One era to which I didn't pay much attention in school was the colonial period and the American Revolution.  Sure, I got fascinated by certain stories, as you might have guessed if you read my post on the Roanoke colony.  But these events were simply points in time on a larger tapestry, and I never stepped back to take in the whole tapestry except for a quick glance here and there.  In the American Revolution, some major battles occupy an area of my consciousness, such as the Battles of Lexington and Concord.  But my knowledge of this era is also filled with stories that have become more legend than fact.  Paul Revere's ride, for instance, and the "one if by land and two if by sea" legend.  Movies like The Patriot further muddle the line between truth and fiction of this era.
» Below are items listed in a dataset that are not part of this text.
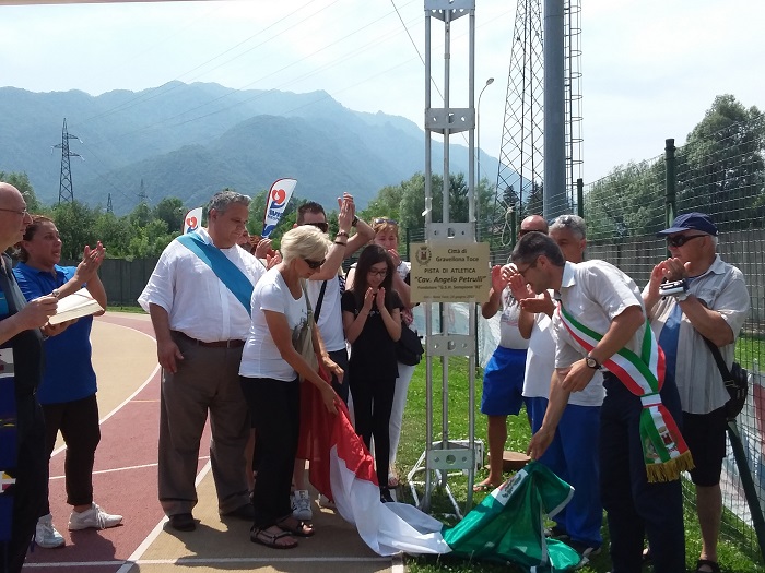 e fondatore del “GSH Sempione 82”, scomparso alcuni mesi fa, la pista di atletica dello stadio “Boroli”. La cerimonia di intitolazione della pista di atletica a Petrulli si è tenuta lo scorso fine settimana alle 12.30 al termine della seconda prova teritoriale del campionato di società Fispes e la seconda prova territoriale della coppa Italia sempre Fispes organizzato dal "Gsh", in presenza di numerose società sportive cittadine, personalità dello sport e della politica locale e piemontese. A scoprire la targa di intitolazione della pista con il primo cittadino Gianni Morandi, il parroco don Franco Bricco, c’erano il vice presidente della Regione Piemonte Aldo Reschigna, il sindaco di Pallanzeno, Gianpaolo Blardone, il presidente dell’associazione di Panathlon Rino Porini, l’attuale presidente del Gsh Sempione Elisabetta Saccà e molte le personalità del mondo dello sport del Piemonte. “C’è voluto meno di quanto temevo -ha dichiarato Morandi nel ricordare la figura dell’ex presidente degli atleti disabili del Vco-per ottenere l’autorizzazione ed intitolare la pista di atletica ad Angelo. I nostri atleti -ha commentato emozionata il presidente Saccà- quando verranno qui ad allenarsi o a gareggiare nella pista intitolata al nostro indimenticabile presidente, sono sicura che avranno stimoli maggiori per proseguire sulla strada avviata da Angelo”. Sono stati una quindicina gli atleti con disabilità fisici che hanno gareggiato al Meeting di San Pietro e circa una sessantina i disabili intellettivi che hanno preso parte alla cerimonia di intitolazione. (G. P. C.)
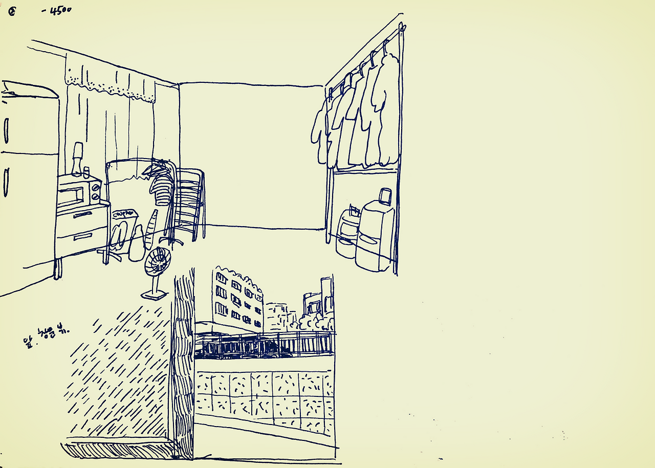 안방 격인 이 방은 싱글 침대와 책상 사이에 이부자리를 또 펼 수 있는 넉넉한 크기다. 그런데 큰 창문이 있는데도 방이 새까맣게 어두웠다. 창문 옆의 웬 검정 문짝을 열어보니 거기는 보일러실 겸 창고였다. 그곳의 창문을 열어야 밖인데 1.5미터 코 앞에 옆 건물이 딱 붙어 있었다. 내 집과 옆집 사이의 쿠션 같은 이 공간이 베란다가 아니라 보일러실이어서 방의 창문은 어차피 열 수 없어 갇힌 방이 되었다. 환기도 안되고, 옆 건물이 딱 붙어 있어서 비집고 들어올 채광도 없을 것이다. 차라리 창문을 내지를 말지, 기대나 안 하게…
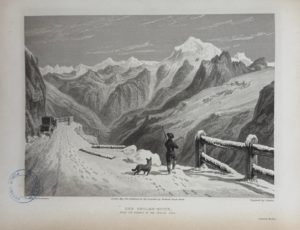 Édition originale, illustrée de 12 titres gravés avec vignette, 13 cartes et 84 vues gravées sur acier hors-texte. Description des cols du Petit et du Grand Saint-Bernard, du Montgenèvre, du Mont-Cenis, du Saint-Gothard, du Stelvio, de la Corniche, du Grimsel, du San Bernardino et du Splugen, du Brenner, de Tende et du Simplon. Cet ouvrage est une véritable encyclopédie illustrée des cols des Alpes ; Walter Scott, remerciant l’auteur pour l’envoi de ce livre, dira à ce propos : « En brossant clairement le tableau si intéressant … aux coutumes si particulières, vous avez ajouté un chapitre précieux à l’histoire de l’Europe dont les régions alpines constituent une figure si distinguée et attirante ».
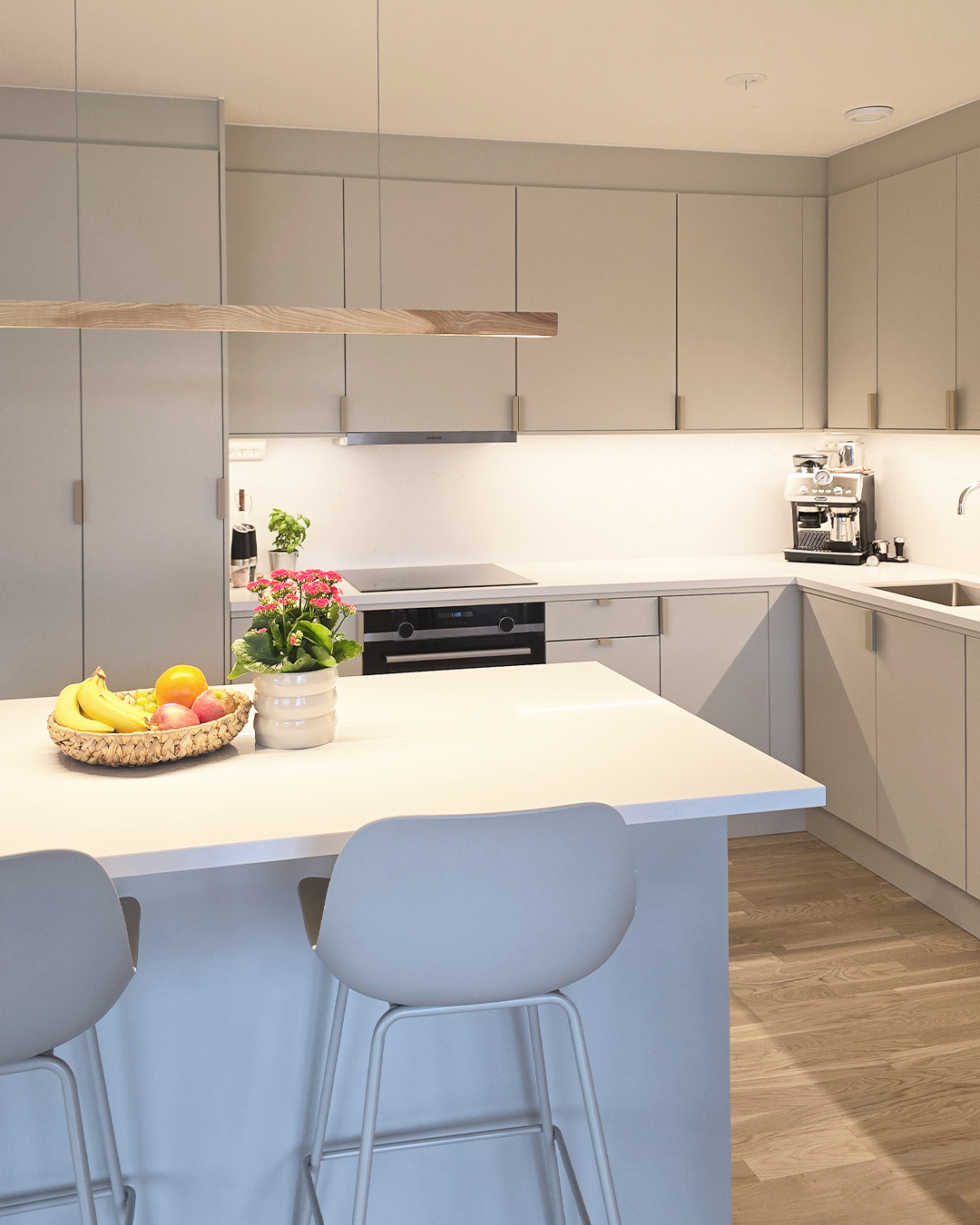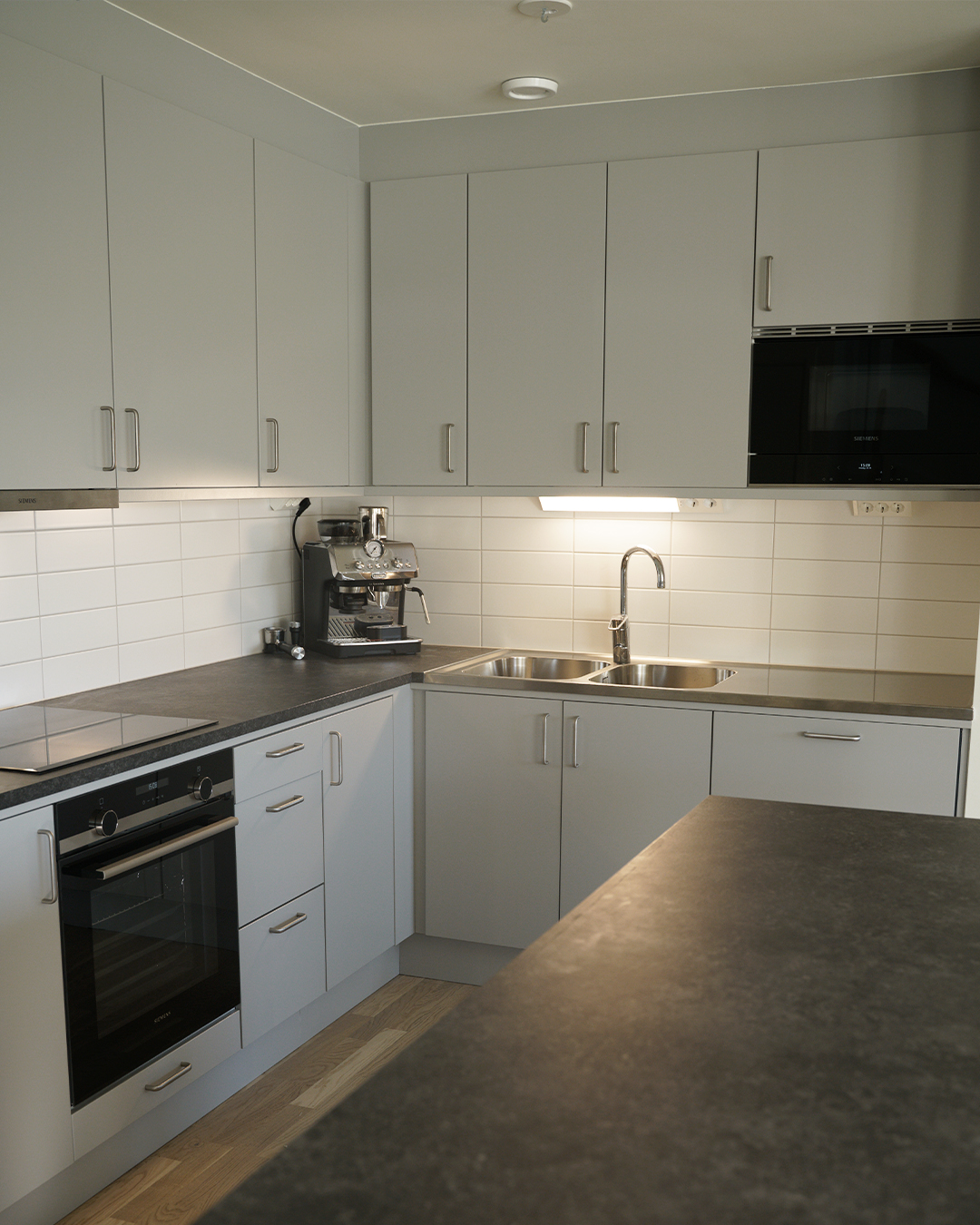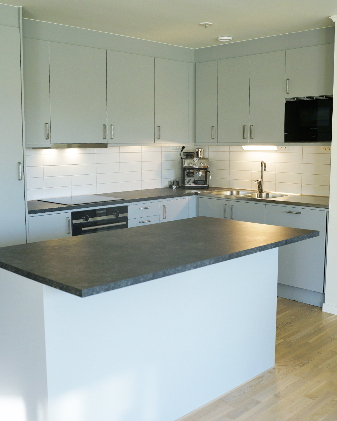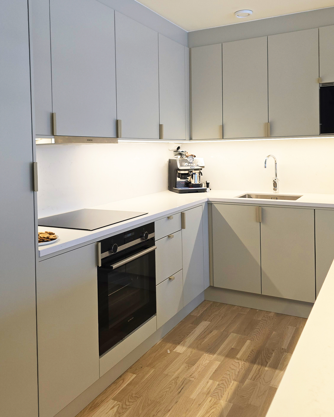 Emilia och hennes sambo har också lagt stor vikt vid att skapa ett funktionellt kök med smarta lösningar som gör det lätt att arbeta där. En särskild lösning de är mycket nöjda med är den infrästa ledbelysningen under överskåpen. Belysningen ger ett jämnt och behagligt ljus som sprider sig över hela arbetsytan och gör det lättare att arbeta i köket, samtidigt som det skapar en mysig atmosfär.

I recently read James Fenimore Cooper's The Last of the Mohicans, which was set in the French and Indian War before the American Revolution, and this gave me a glimpse, though a highly romanticized one, of the events in colonial America as two European powers waged a struggle for dominance over a relatively new continent and its peoples.  But, as I said, my knowledge of this era is limited.

For one, I didn't realize the scope of the American Revolution in terms of the territory the war was waged over.  Yes, there were thirteen colonies ranging from Massachussetts to Georgia, but in school I heard only of the major battles.  Yet, in a previous post, where LHM finds his ancestor's marker in a remote area of North Carolina, we discover that the effects of the Revolutionary War ranged at least that far.  I had no idea that a long and "ultimately futile" battle took place in Georgia which involved over 200 casualties.

One thing I wouldn't have understood before is the shape of the Star Fort at Ninety Six.  Why would it be shaped like an eight pointed star?  Was it just to look cool?  If so, why?  Nobody would be able to appreciate it unless it was built at the base of a hill, and that wouldn't make much sense since all an enemy would have to do is take the hill to get the advantage.  There were no means of aviation.  So, why a star?  My answer came in a visit to Fort Craig National Historic Site in New Mexico.  It was also built in a star-like shape, and the reasoning was so simple that it embarrassed me that I hadn't understood.  A star shaped wall is easier to defend because on the walls, you can defend more of the wall with less defenders than in a square or round shaped wall.  A defender has a view, to his right and left, of more wall, and the cul-de-sacs formed where the stars recess inward make it suicide for enemies on foot to try to attack them.  And, don't forget, this fort was not only defended by its walls, but by legions of women inside the fort stuffing their underwear with sand for sand bags.  Remember, they didn't wear the thong underwear that women wear today.  In fact, their underwear was probably just as bulky as their regular clothing.

It makes me wonder, though, if after a long siege the women would rise up in protest and rebellion because sooner or later, they would be all out of underwear.  Aristophanes wrote a play where women tried to end the Peloponnesian War in Ancient Greece by withholding sex from their husbands, but that is hardly about privacy and modesty.  I wonder if a battle has ever been ended due to issues of privacy and modesty?  Somehow, I doubt it.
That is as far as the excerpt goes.